§ **Problem requirements**
Reproduce, exactly and only, the lines of the data that follows from the one containing "ล่องเรือหมู่บ้านไรน์บนทีรุรัน" down to the one containing "UROS, tribeca ISSEY", without pictures.
-------- Working data
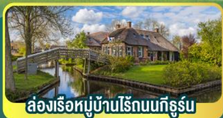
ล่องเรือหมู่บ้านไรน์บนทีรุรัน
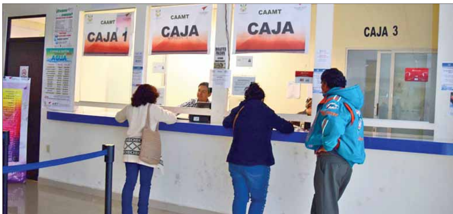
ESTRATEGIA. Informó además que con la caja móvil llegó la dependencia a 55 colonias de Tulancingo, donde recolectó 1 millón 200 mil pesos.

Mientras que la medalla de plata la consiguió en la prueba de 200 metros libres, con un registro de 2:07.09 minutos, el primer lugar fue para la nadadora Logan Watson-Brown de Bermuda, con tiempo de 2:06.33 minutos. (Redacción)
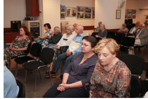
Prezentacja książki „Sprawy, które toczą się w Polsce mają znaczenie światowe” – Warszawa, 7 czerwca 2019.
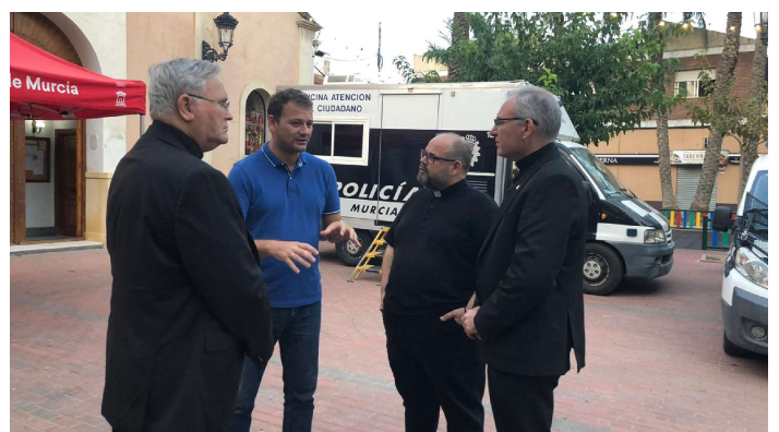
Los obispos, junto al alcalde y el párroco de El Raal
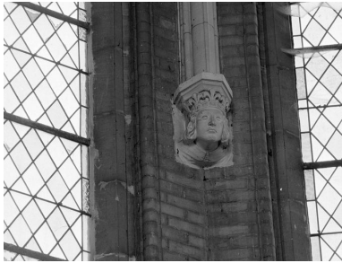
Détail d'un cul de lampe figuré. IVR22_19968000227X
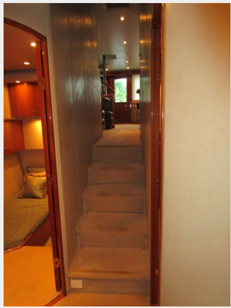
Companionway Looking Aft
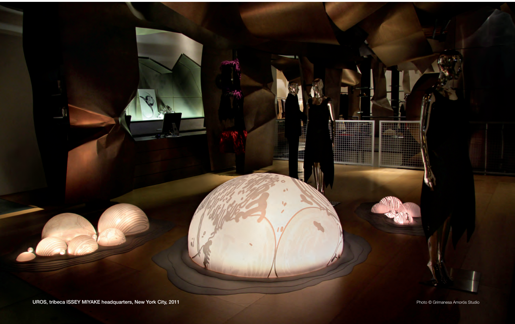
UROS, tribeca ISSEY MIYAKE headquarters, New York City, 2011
----------------
-------- Working data
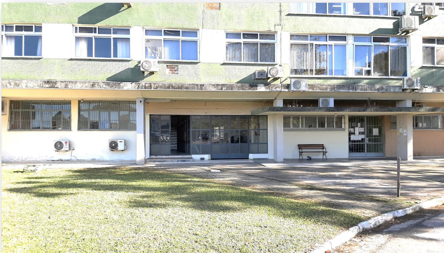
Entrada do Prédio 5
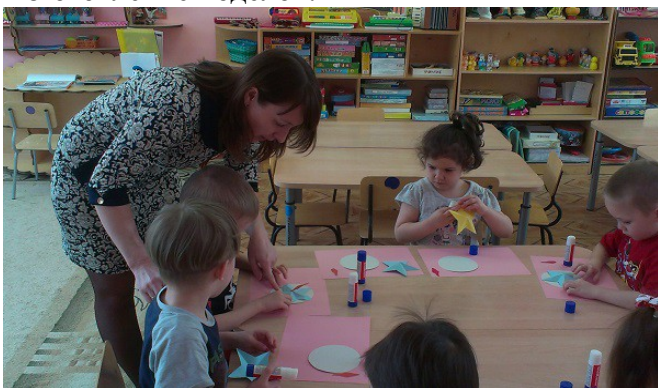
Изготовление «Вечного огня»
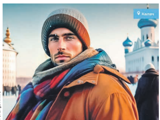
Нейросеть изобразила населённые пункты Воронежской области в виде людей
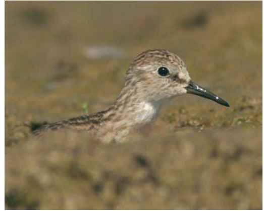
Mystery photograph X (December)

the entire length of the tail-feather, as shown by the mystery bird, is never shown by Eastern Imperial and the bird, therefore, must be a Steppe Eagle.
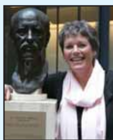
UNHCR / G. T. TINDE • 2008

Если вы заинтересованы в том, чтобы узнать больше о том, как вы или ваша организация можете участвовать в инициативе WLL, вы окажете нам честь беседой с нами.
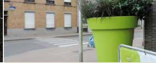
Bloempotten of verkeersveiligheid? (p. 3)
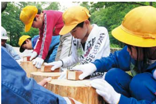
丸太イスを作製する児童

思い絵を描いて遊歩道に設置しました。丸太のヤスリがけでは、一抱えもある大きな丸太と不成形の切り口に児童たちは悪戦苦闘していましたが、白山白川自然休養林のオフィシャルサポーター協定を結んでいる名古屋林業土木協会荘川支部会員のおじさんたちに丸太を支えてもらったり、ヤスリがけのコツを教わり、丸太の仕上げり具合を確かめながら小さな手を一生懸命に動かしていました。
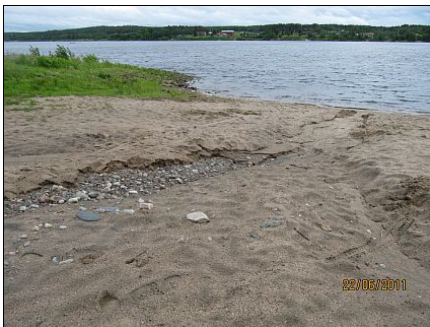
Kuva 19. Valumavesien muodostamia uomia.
----------------
-------- Working data
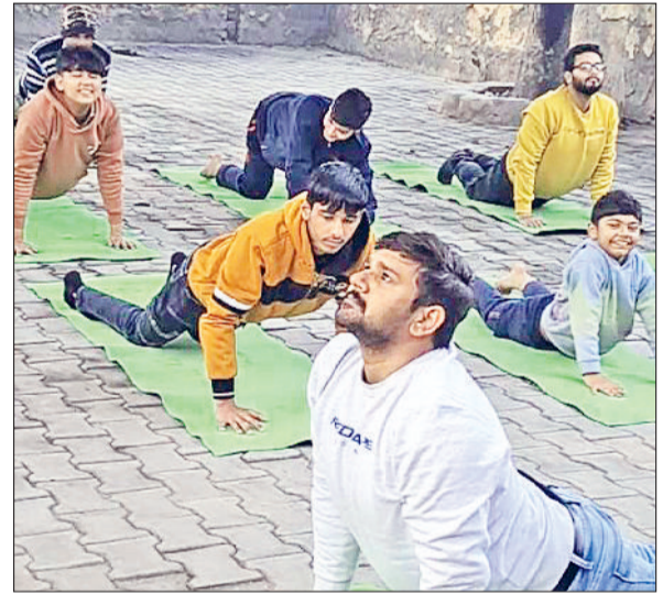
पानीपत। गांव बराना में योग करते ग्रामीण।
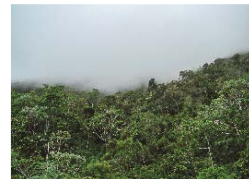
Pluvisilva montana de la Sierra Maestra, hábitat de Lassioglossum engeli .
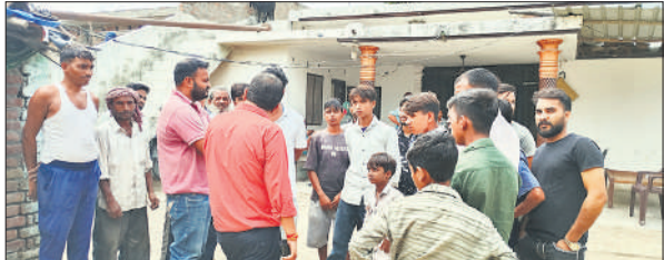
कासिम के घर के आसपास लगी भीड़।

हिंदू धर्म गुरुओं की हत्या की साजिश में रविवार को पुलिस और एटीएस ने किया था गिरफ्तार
----------------
§ **Result of this task**
ล่องเรือหมู่บ้านไรน์บนทีรุรัน
ESTRATEGIA. Informó además que con la caja móvil llegó la dependencia a 55 colonias de Tulancingo, donde recolectó 1 millón 200 mil pesos.

Mientras que la medalla de plata la consiguió en la prueba de 200 metros libres, con un registro de 2:07.09 minutos, el primer lugar fue para la nadadora Logan Watson-Brown de Bermuda, con tiempo de 2:06.33 minutos. (Redacción)
Prezentacja książki „Sprawy, które toczą się w Polsce mają znaczenie światowe” – Warszawa, 7 czerwca 2019.
Los obispos, junto al alcalde y el párroco de El Raal
Détail d'un cul de lampe figuré. IVR22_19968000227X
Companionway Looking Aft
UROS, tribeca ISSEY MIYAKE headquarters, New York City, 2011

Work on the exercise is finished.